His smile fades. “No. I don’t. To the best of my recollection, we never had this particular conversation.” He pauses, seeming to measure his next words. “The reason I’m so evasive, Maeve, is because I don’t remember us ever speaking of this after I picked up The Bellatrix Grimoire.”

Later, after Spencer is gone, I rest alone in the hollow stillness of the courtyard. The last candle has burned out, and the first sunrays peer through the wisteria canopy. I rise slowly, like the old woman Spencer has said I’ll live to be.

Inside, Veronica still sleeps, her tiny chest rising and falling with the rhythm of peace I’ve never fully known.

My thoughts wander as I watch her from her doorway. I remember the way she clung to me on the playground that day—the faint tremble in her tiny fingers, the sheer terror in her eyes as Lady Moira and the High Council closed in. Back then, I was lucky. We escaped. With Spencer’s help.

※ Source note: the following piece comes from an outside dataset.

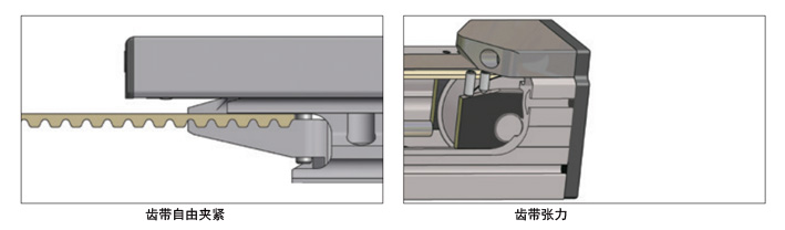 齒形皮帶通過齒段夾緊的特殊設計(如下圖左)允許齒帶自由夾緊。

But luck only lasts so long.

I run my hands over the time-traveling necklace I never take off—in case I need a quick escape with Veronica again. I don’t understand how it works, just that it does. The pearls pulse against my touch, like a heartbeat.

No. Like my heartbeat. My energy.

There’s only one Last Priest I can trust.

I lift the necklace to my lips, then high and wide over my head as I murmur the old words of power. Energy begins to coil. Sparks of light form a sphere around me.

Even as the universe shifts and the world disappears beneath my feet, I do not look back.